Recorded information Block Start

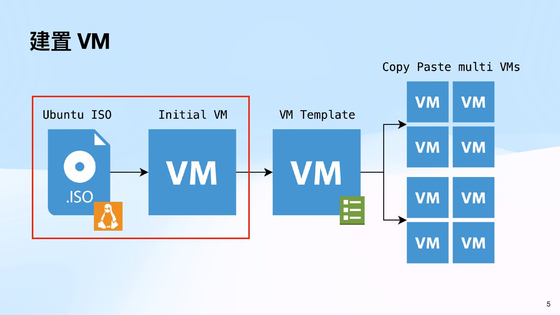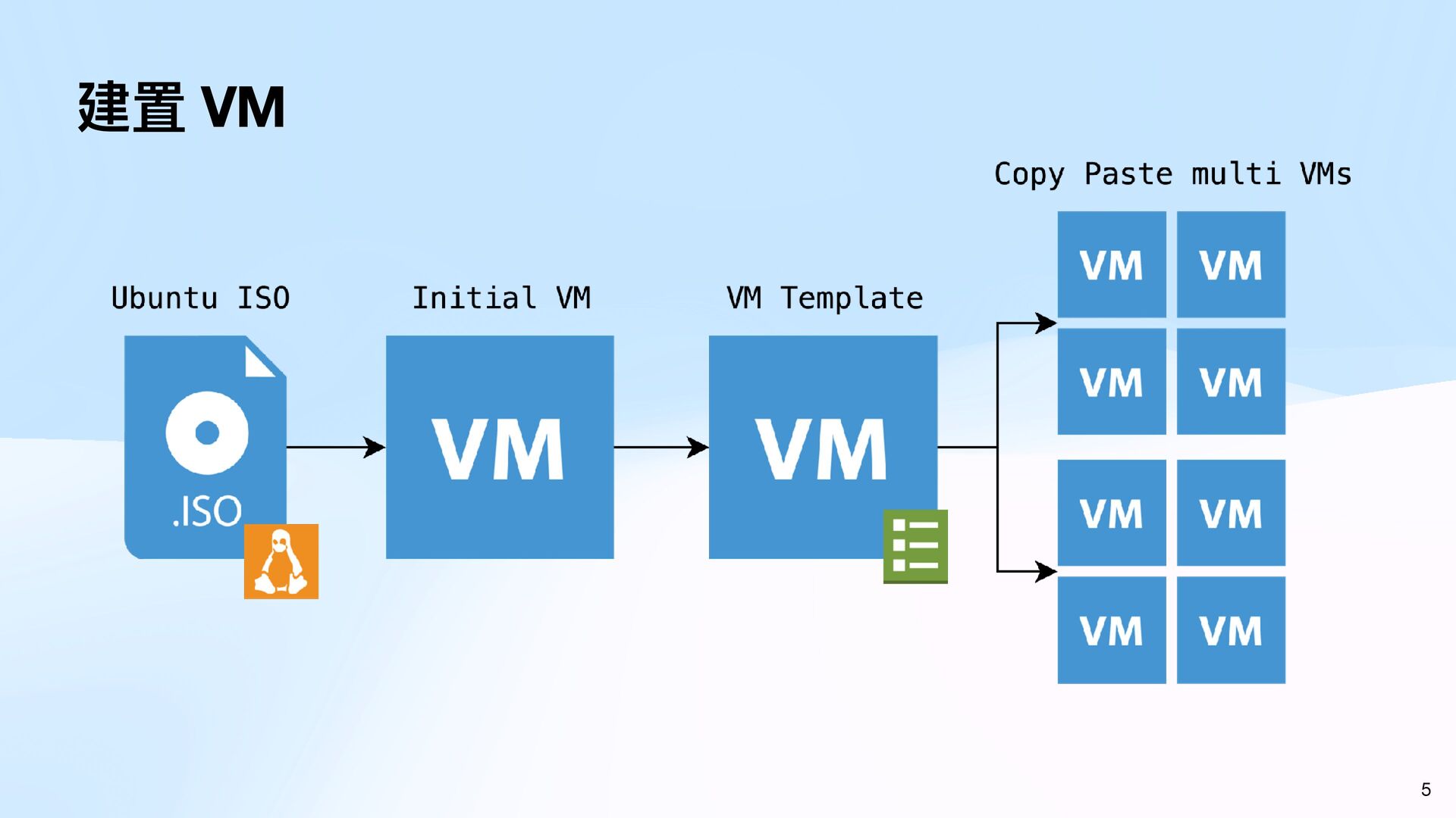 VM。 • 設定多台 VM 網路、套件 (CRI) • 用 Kubeadm 建立 cluster • (其他節點) 用 Kubeadm 加入 cluster • 安裝 CNI 等套件 4
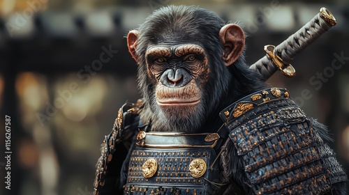 chimpanzee, samurai, armoring, monkey, ape, warrior, japan, culture, tradition, costume, animal, portrait, mammal, primate, wildlife, powerful, strong, stoic, intense, magnificent, impressive, dark, gold, black, serious, ancient, history, mythical, legendary, fearsome, majestic, noble, elegant, photographic, art, image, visual, graphic, studio
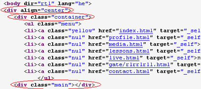 לחילופין, כך נראה קוד של אתר שנבנה באמצעות שכבות, שעיצובן מוגדר ונמצא בקובץ CSS נפרד:
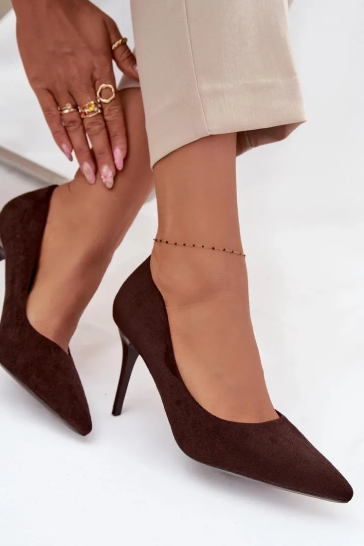 Szpilki damskie z eko zamszu to klasyka, która nigdy nie wychodzi z mody. Wykonane z przyjemnego w dotyku, eleganckiego materiału doskonale podkreślają kobiecy styl i dodają szyku każdej stylizacji. Smukłe, szpiczaste noski optycznie wydłużają nogi, a subtelna linia buta sprawia, że prezentują się niezwykle lekko i zgrabnie. Dzięki miękkiej wkładce szpilki są nie tylko efektowne, ale także wygodne – idealne zarówno na specjalne okazje, jak i do codziennych eleganckich zestawów. Obcas wysmukla sylwetkę, a jednocześnie zapewnia stabilność podczas chodzenia. Te buty będą doskonałym wyborem do sukienki, spódnicy czy eleganckich spodni, świetnie sprawdzą się na przyjęciach, weselach, spotkaniach biznesowych czy wieczornych wyjściach.
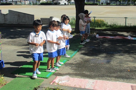 先生もクラスの子と一緒に楽しみます。「先生!こっちこっち!」
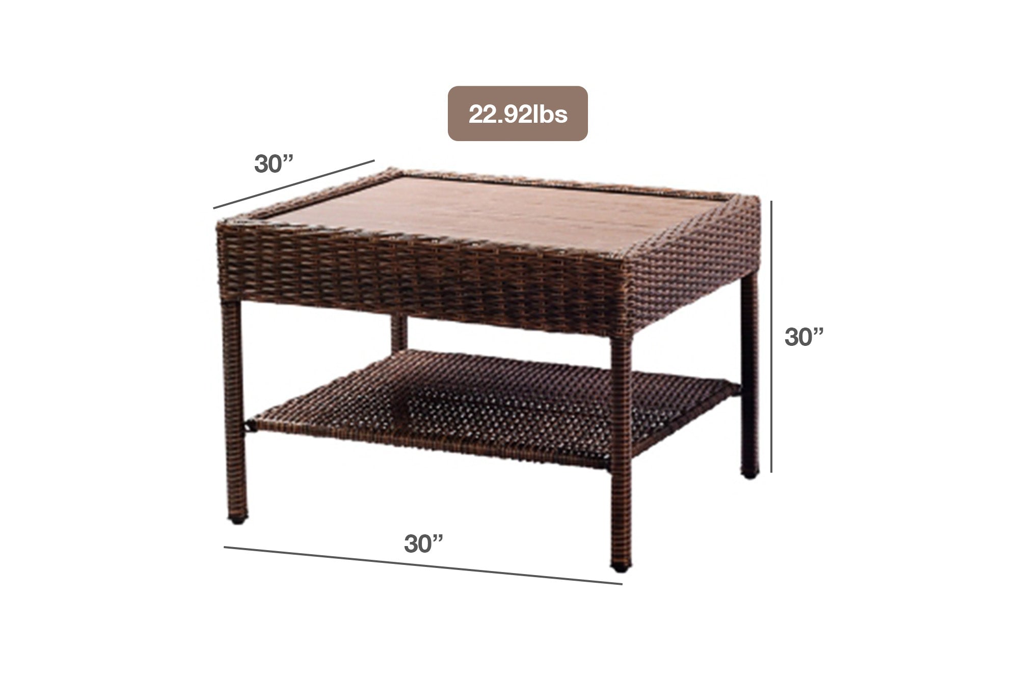 - Versatile Sectional Configuration: Includes a Left Arm Chaise, Armless Middle Chair, and Right Arm Loveseat, with additional Coffee and End Tables to complete your outdoor setup.
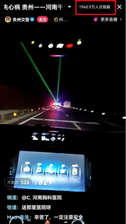 首先是贵州交警,贵州交警主动联系上他们,并且用150码的速度追赶上救护车。
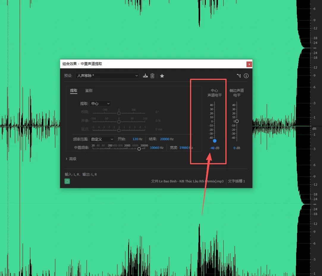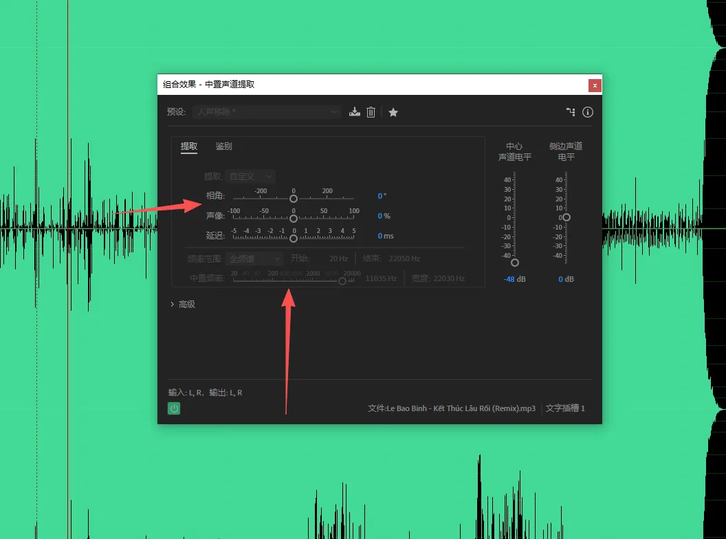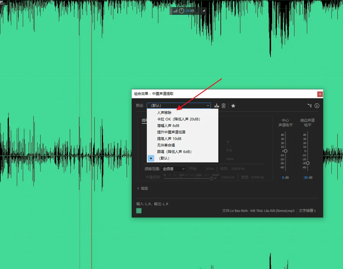 这是 AU 自带的专业人声提取与抑制插件,提伴奏效果最稳定。
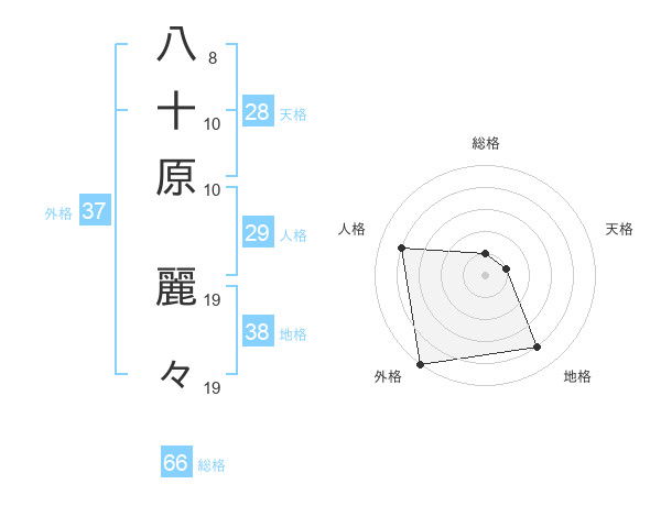 八十原 麗々さんを姓名の画数から五運を鑑定
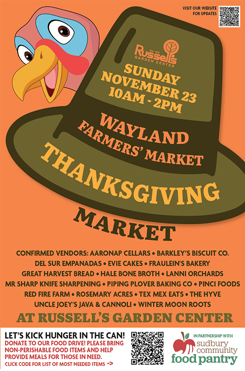 Wayland Farmers’ Market: Thanksgiving Market At Russell’s Garden Center Nov 23 10:00 am - 2:00 pm Wayland Farmers’ Market: Thanksgiving Market At Russell’s Garden Center
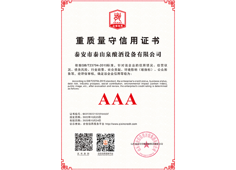 泰安市泰山泉釀酒設(shè)備有限公司,是一家專(zhuān)業(yè)從事釀酒設(shè)備機(jī)械化研發(fā)并集技術(shù)咨詢,工程設(shè)計(jì),制造安裝,人員培訓(xùn)及售后服務(wù)為一體的綜合性企業(yè),本公司主要產(chǎn)品為:大曲清香、小曲清香、大曲醬香、大曲濃香等香型白酒機(jī)械化設(shè)備?! ”竟九c中國(guó)科學(xué)院自動(dòng)化研究所簽訂技術(shù)服務(wù)合同,引進(jìn)先進(jìn)技術(shù),研究生產(chǎn)全自動(dòng)化機(jī)械釀酒設(shè)備,由中國(guó)科學(xué)自動(dòng)化研究所的技術(shù)支持,打造最先進(jìn)的生產(chǎn)釀酒設(shè)備,公司有信心打造全國(guó)最先進(jìn)白酒...
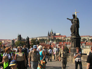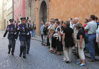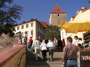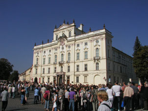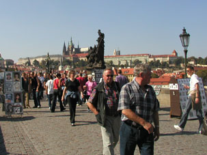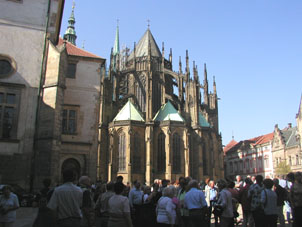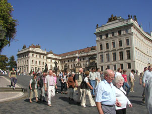 Der Rundgang begann mit dem Aufstieg zur Prager Burg, dem Hradschinplatz, heutiger Amtssitz des Präsidenten der Republik. Die Dominante der Prager Burg ist der gotische St.-Veits-Dom. Aber auch das "Goldene Gässchen" wurde besichtigt und dem Wachwechsel zugesehen.
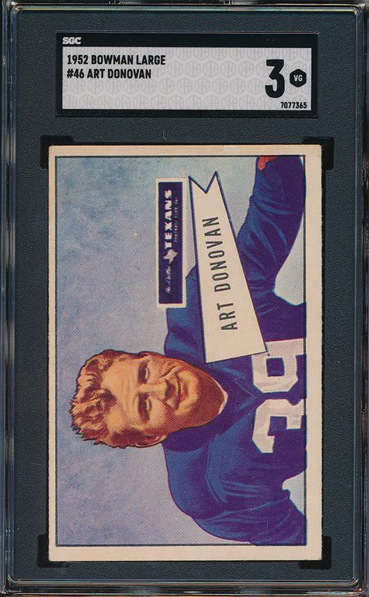 Sold1952 Bowman Lg. Football #46 Art Donovan SGC 3A card with solid eye appeal. The color is bright and clean. The near white borders are centered 65/35 L/R and 20/80 T/B. The corners have touches to very light wear. There is a very light water stainSee Sold Price
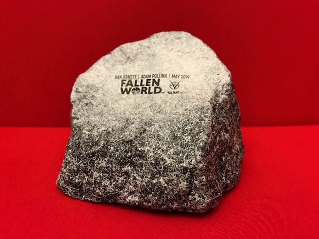 ComicsPRO attendees will also receive "Welcome Bags" from Valiant and even more retailer-exclusive goodies during roundtable chats with Valiant staff. Want to relieve some stress? Squeeze a chunk of New Japan with the FALLEN WORLD stress ball, based on the upcoming series by Dan Abnett and Adam Pollina debuting on May 1st. Need to jot down some important secrets? Use the FALLEN WORLD pen! And after a long day, unwind with the FALLEN WORLD shot glass.
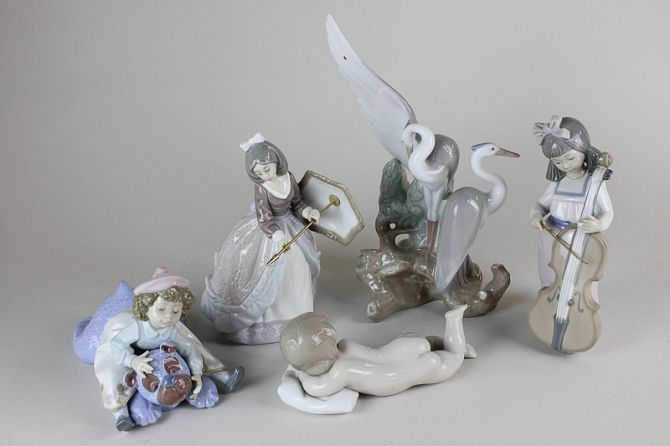 Three Lladro porcelain figures, girl with umbrella, little girl sitting on a large teddy bear, and sleeping child together with two Nao figures, a girl playing cello and two cranes
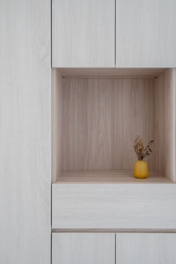淺色木紋與純潔的白色碰撞,整個空間明亮舒適,讓人每次回家都好放鬆~
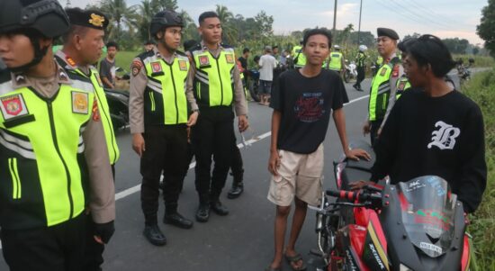 OKU Selatan Sumsel–Kapolres Polres OKU Selatan bersama PJU dan Polsek Simpang Martapura membubarkan balap liar di jalan raya Muaradua-Simpang dan jalan raya
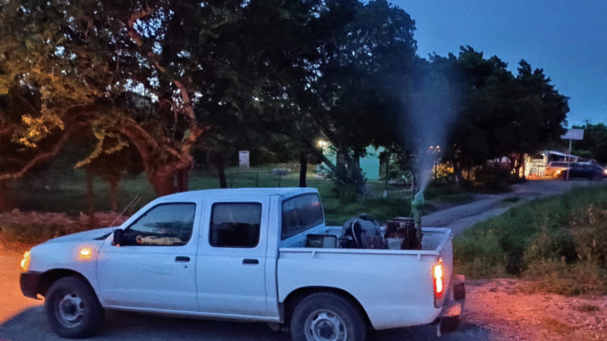 Esta noche se llevaron a cabo acciones de nebulización nocturna en los ejidos Alfredo V. Bonfil, La Lomita y Ampliación Vergeles, ubicados en la zona norte del municipio, con el propósito de combatir al mosquito Aedes aegypti, transmisor de enfermedades como dengue, zika y chikungunya.

Recorded information Block End

» Exercise:
Return the entries above exactly and in full; do not include images.

» Exercise result:
 VM。 • 設定多台 VM 網路、套件 (CRI) • 用 Kubeadm 建立 cluster • (其他節點) 用 Kubeadm 加入 cluster • 安裝 CNI 等套件 4
 chimpanzee, samurai, armoring, monkey, ape, warrior, japan, culture, tradition, costume, animal, portrait, mammal, primate, wildlife, powerful, strong, stoic, intense, magnificent, impressive, dark, gold, black, serious, ancient, history, mythical, legendary, fearsome, majestic, noble, elegant, photographic, art, image, visual, graphic, studio
 לחילופין, כך נראה קוד של אתר שנבנה באמצעות שכבות, שעיצובן מוגדר ונמצא בקובץ CSS נפרד:
 Szpilki damskie z eko zamszu to klasyka, która nigdy nie wychodzi z mody. Wykonane z przyjemnego w dotyku, eleganckiego materiału doskonale podkreślają kobiecy styl i dodają szyku każdej stylizacji. Smukłe, szpiczaste noski optycznie wydłużają nogi, a subtelna linia buta sprawia, że prezentują się niezwykle lekko i zgrabnie. Dzięki miękkiej wkładce szpilki są nie tylko efektowne, ale także wygodne – idealne zarówno na specjalne okazje, jak i do codziennych eleganckich zestawów. Obcas wysmukla sylwetkę, a jednocześnie zapewnia stabilność podczas chodzenia. Te buty będą doskonałym wyborem do sukienki, spódnicy czy eleganckich spodni, świetnie sprawdzą się na przyjęciach, weselach, spotkaniach biznesowych czy wieczornych wyjściach.
 先生もクラスの子と一緒に楽しみます。「先生!こっちこっち!」
 - Versatile Sectional Configuration: Includes a Left Arm Chaise, Armless Middle Chair, and Right Arm Loveseat, with additional Coffee and End Tables to complete your outdoor setup.
 首先是贵州交警,贵州交警主动联系上他们,并且用150码的速度追赶上救护车。
 这是 AU 自带的专业人声提取与抑制插件,提伴奏效果最稳定。
 八十原 麗々さんを姓名の画数から五運を鑑定
 Wayland Farmers’ Market: Thanksgiving Market At Russell’s Garden Center Nov 23 10:00 am - 2:00 pm Wayland Farmers’ Market: Thanksgiving Market At Russell’s Garden Center
 泰安市泰山泉釀酒設(shè)備有限公司,是一家專(zhuān)業(yè)從事釀酒設(shè)備機(jī)械化研發(fā)并集技術(shù)咨詢,工程設(shè)計(jì),制造安裝,人員培訓(xùn)及售后服務(wù)為一體的綜合性企業(yè),本公司主要產(chǎn)品為:大曲清香、小曲清香、大曲醬香、大曲濃香等香型白酒機(jī)械化設(shè)備?! ”竟九c中國(guó)科學(xué)院自動(dòng)化研究所簽訂技術(shù)服務(wù)合同,引進(jìn)先進(jìn)技術(shù),研究生產(chǎn)全自動(dòng)化機(jī)械釀酒設(shè)備,由中國(guó)科學(xué)自動(dòng)化研究所的技術(shù)支持,打造最先進(jìn)的生產(chǎn)釀酒設(shè)備,公司有信心打造全國(guó)最先進(jìn)白酒...
 Der Rundgang begann mit dem Aufstieg zur Prager Burg, dem Hradschinplatz, heutiger Amtssitz des Präsidenten der Republik. Die Dominante der Prager Burg ist der gotische St.-Veits-Dom. Aber auch das "Goldene Gässchen" wurde besichtigt und dem Wachwechsel zugesehen.
 Sold1952 Bowman Lg. Football #46 Art Donovan SGC 3A card with solid eye appeal. The color is bright and clean. The near white borders are centered 65/35 L/R and 20/80 T/B. The corners have touches to very light wear. There is a very light water stainSee Sold Price
 ComicsPRO attendees will also receive "Welcome Bags" from Valiant and even more retailer-exclusive goodies during roundtable chats with Valiant staff. Want to relieve some stress? Squeeze a chunk of New Japan with the FALLEN WORLD stress ball, based on the upcoming series by Dan Abnett and Adam Pollina debuting on May 1st. Need to jot down some important secrets? Use the FALLEN WORLD pen! And after a long day, unwind with the FALLEN WORLD shot glass.
 Three Lladro porcelain figures, girl with umbrella, little girl sitting on a large teddy bear, and sleeping child together with two Nao figures, a girl playing cello and two cranes
淺色木紋與純潔的白色碰撞,整個空間明亮舒適,讓人每次回家都好放鬆~
 OKU Selatan Sumsel–Kapolres Polres OKU Selatan bersama PJU dan Polsek Simpang Martapura membubarkan balap liar di jalan raya Muaradua-Simpang dan jalan raya
 Esta noche se llevaron a cabo acciones de nebulización nocturna en los ejidos Alfredo V. Bonfil, La Lomita y Ampliación Vergeles, ubicados en la zona norte del municipio, con el propósito de combatir al mosquito Aedes aegypti, transmisor de enfermedades como dengue, zika y chikungunya.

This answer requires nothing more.